Tragis! Pekerja Muda Tewas Tertimpa Besi 5 Ton di Kawasan Industri IWIP
Halteng – Kecelakaan kerja kembali terjadi di kawasan industri nikel Maluku Utara. Seorang pekerja muda berinisial N (22) dilaporkan tewas setelah tertimpa besi raksasa seberat sekitar 5 ton di area Indonesia Weda Bay Industrial Park (IWIP), Kabupaten Halmahera Tengah.
Peristiwa tragis tersebut terjadi pada Minggu pagi, 15 Maret 2026, sekitar pukul 09.30 WIT di lokasi ekstrusi milik PT KAI.
Korban diduga meninggal dunia di tempat setelah tertimpa material baja jenis H-Beam berukuran besar yang tiba-tiba roboh saat proses bongkar muat berlangsung.
Baca Juga: Sambut Malam Lailatul Qadar, Pemuda Kalumata Ternate Siap Gelar Kololi Gam
Berdasarkan informasi yang dihimpun, insiden bermula ketika korban diperintahkan oleh seorang pekerja lain yang diduga bertindak sebagai pengawas untuk melepas klem pada besi H-Beam yang baru saja dipindahkan dari crane ke bak truk trailer.
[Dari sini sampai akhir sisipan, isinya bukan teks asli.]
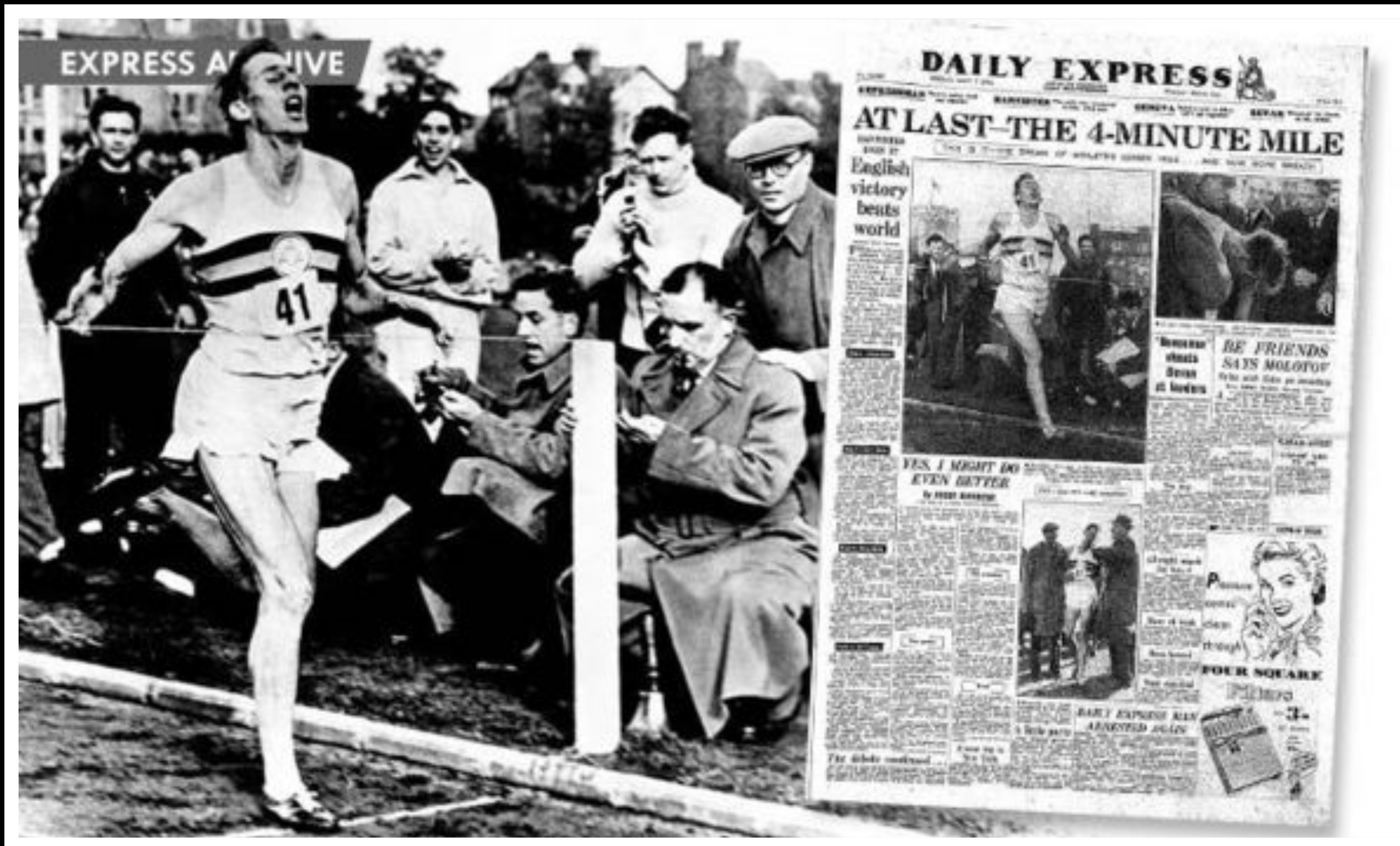
Roger Bannister was the first person to run the sub 4 min mile.
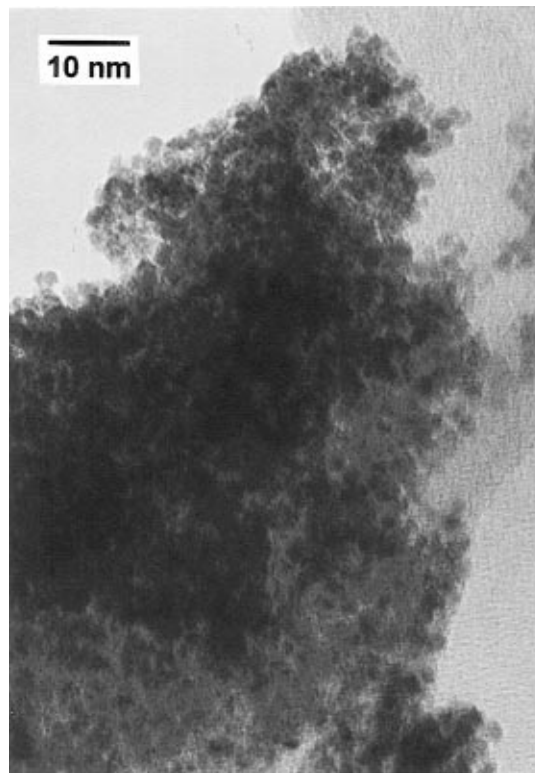
Figure 2. Transmission electron micrographs of sonochemically produced Mo 2 C.

remains an important challenge for non-platinum catalysts. 19,20
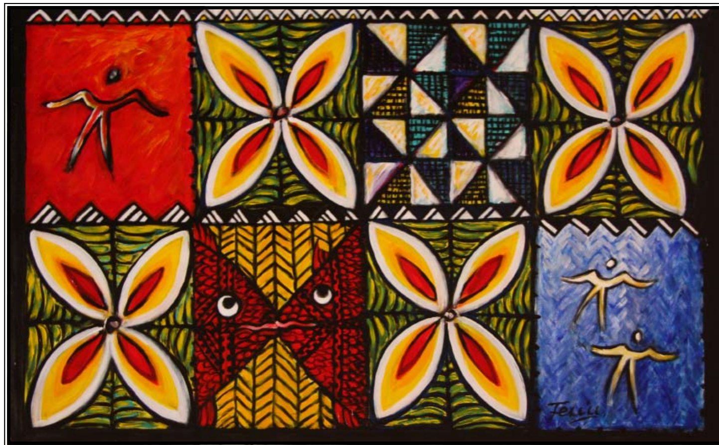
Leiloa II – Includes the symbols of Ancestral spirits and the Frangipani. The frangipani is influenced by the generalized flower form seen in Samoan siapo cloth which is generally made by female makers. For this reason the frangipani flower comes to represent the female form.
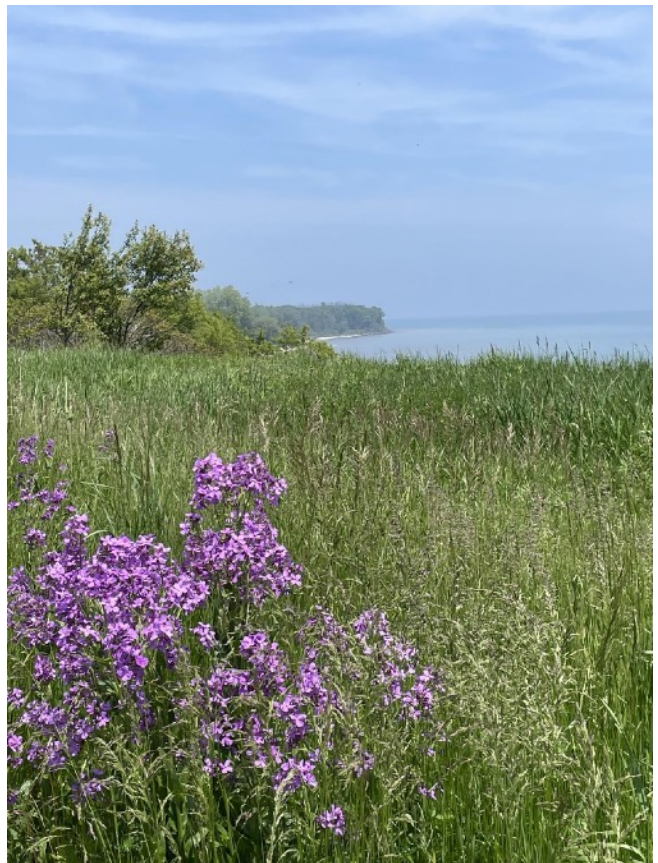
Lake vistas were many.

Korban juga sempat memperbaiki tali seling yang terpasang pada material tersebut.
Namun nahas, di tengah proses tersebut, besi sepanjang sekitar 9 meter dengan lebar sekitar 2 meter itu tiba-tiba jatuh dan menimpa korban di sisi kiri truk.
Saksi mata di lokasi menyebutkan bahwa posisi besi saat itu masih dalam kondisi berdiri vertikal, yang dinilai sangat berbahaya dan memiliki risiko tinggi dalam proses bongkar muat.
Baca Juga: Ikuti Maklumat PP Muhammadiyah, Warga Muhammadiyah Halmahera Utara Lebaran 20 Maret
Dugaan sementara mengarah pada adanya kelalaian dalam penerapan standar Keselamatan dan Kesehatan Kerja (K3). Prosedur pengamanan terhadap material berat diduga tidak dijalankan secara optimal, sehingga memicu kecelakaan fatal tersebut.
Pihak kepolisian membenarkan adanya insiden yang merenggut nyawa pekerja tersebut. Kepala Seksi Humas Polres Halmahera Tengah, Amir Mahmud, menyatakan bahwa kasus ini masih dalam tahap penyelidikan.
“Sedang diselidiki,” ujarnya singkat.
Polisi akan mendalami kemungkinan adanya pelanggaran prosedur kerja maupun unsur kelalaian yang menyebabkan kecelakaan tersebut.